The bank lent money and required the directors of the borrower to provide guarantees and security by way of two term deposits in their own names. Another company of the directors borrowed money and deposited it with the bank for this purpose. When the loan had been repaid, the company sought the monies back from the bank, arguing that they were held on express trust or resulting trust.
The court said:
The focus of the enquiry is upon objective indications of intention, not subjective intentions which may have existed but are not apparent from what was said and done. The question as to the existence of any express trust will always have to be answered by reference to intention. It is clear that a trust will not necessarily arise in circumstances where money is lent for a particular purpose.
The court found that whilst the bank knew the money was to come from the company, and held cash deposits for the purpose of the guarantee, it was not enough to give rise to a trust.

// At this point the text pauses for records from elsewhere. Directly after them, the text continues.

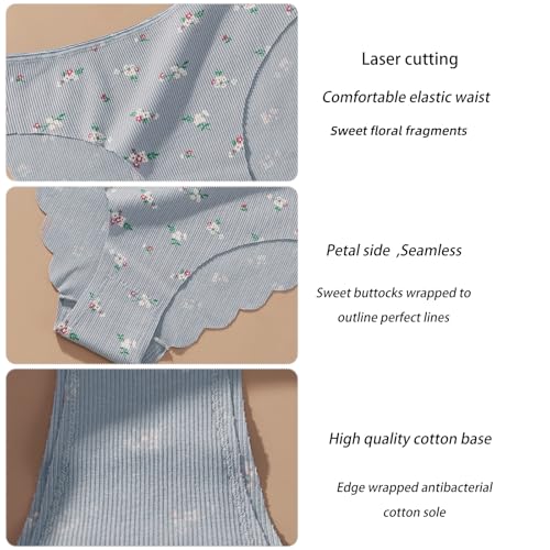 Seamless Underwear for Women Cotton Bikini Flower print Hipster Wavy Sides Invisibles Cheeky Panties 5 Pack 4
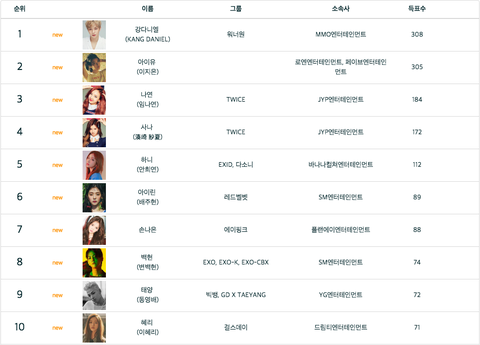 베스트아이돌 1차 투표 결과래여 ㅋ
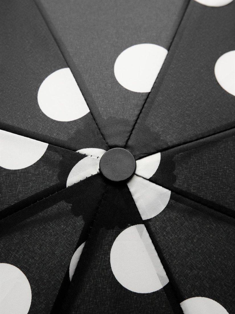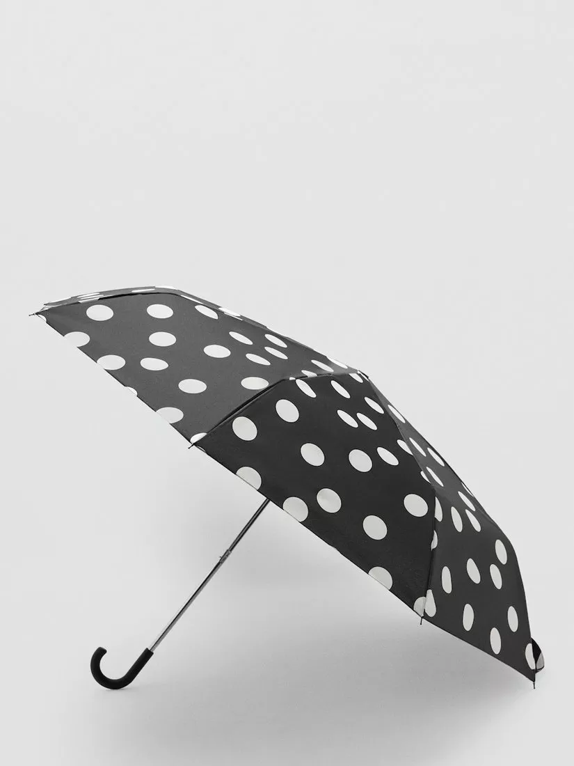 A foldable umbrella in a fun, dot print.
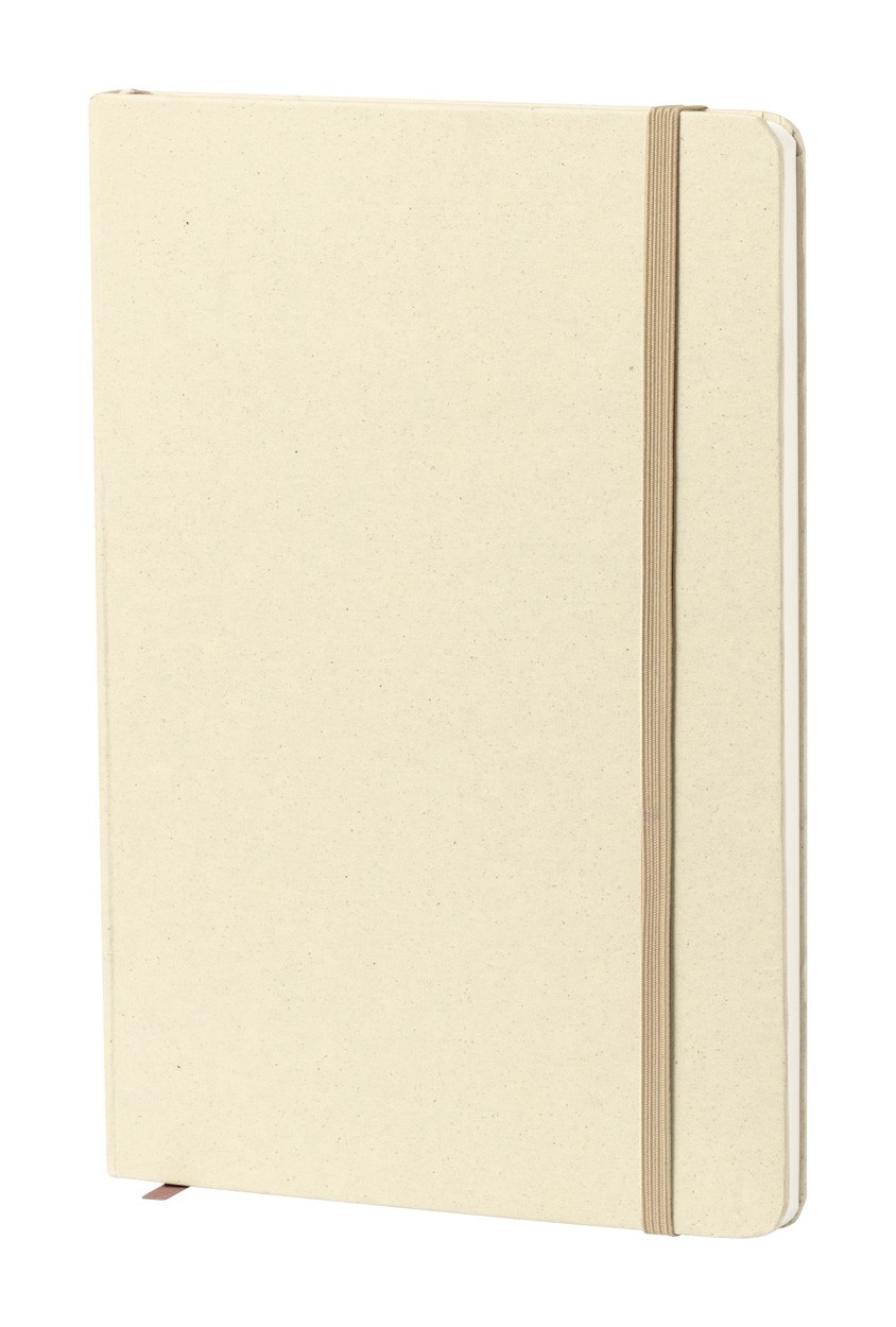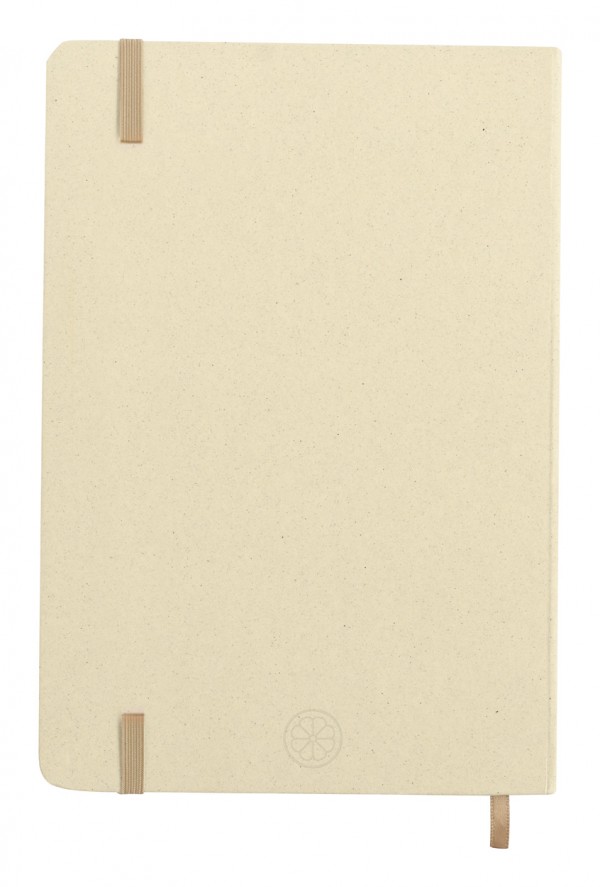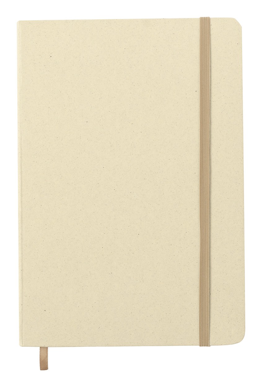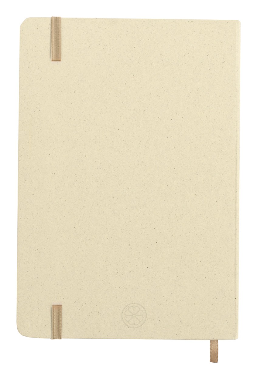Agendă cu copertă din hârtie de fructe, cu 80 de foi dictando din hârtie reciclată. Cu marcaj și curea de cauciuc. Dimensiune A5.
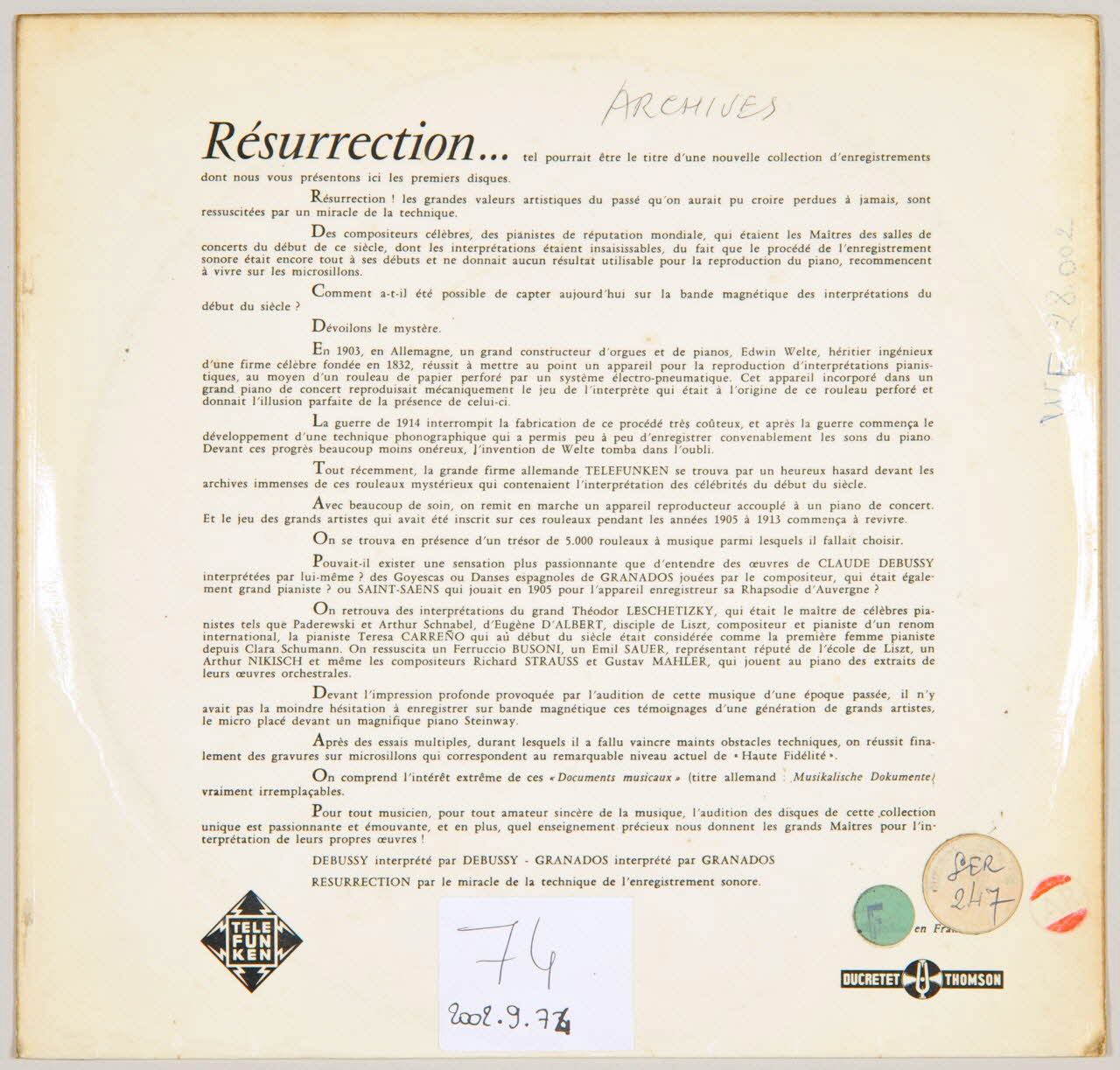 Au verso de la pochette, un texte explicatif sur la thématique du disque. Un timbre publicitaire est collé sur les deux faces du disque.Matériaux et techniques

The court found the terms upon which the deposits were held required that the directors remained the beneficial owner of the deposits free of any interest of a third party. This was not consistent with a trust or with anyone else having a beneficial interest in the term deposits. Furthermore, the deposits were security for all the debts of the directors and inconsistent with anyone having the right to call for repayment once a particular loan in question was repaid. The term deposit application forms also did not show the directors signing as trustee.
The court also found this evidence sufficient to rebut any resulting trust. The court refused to order the bank to pay the funds to the company.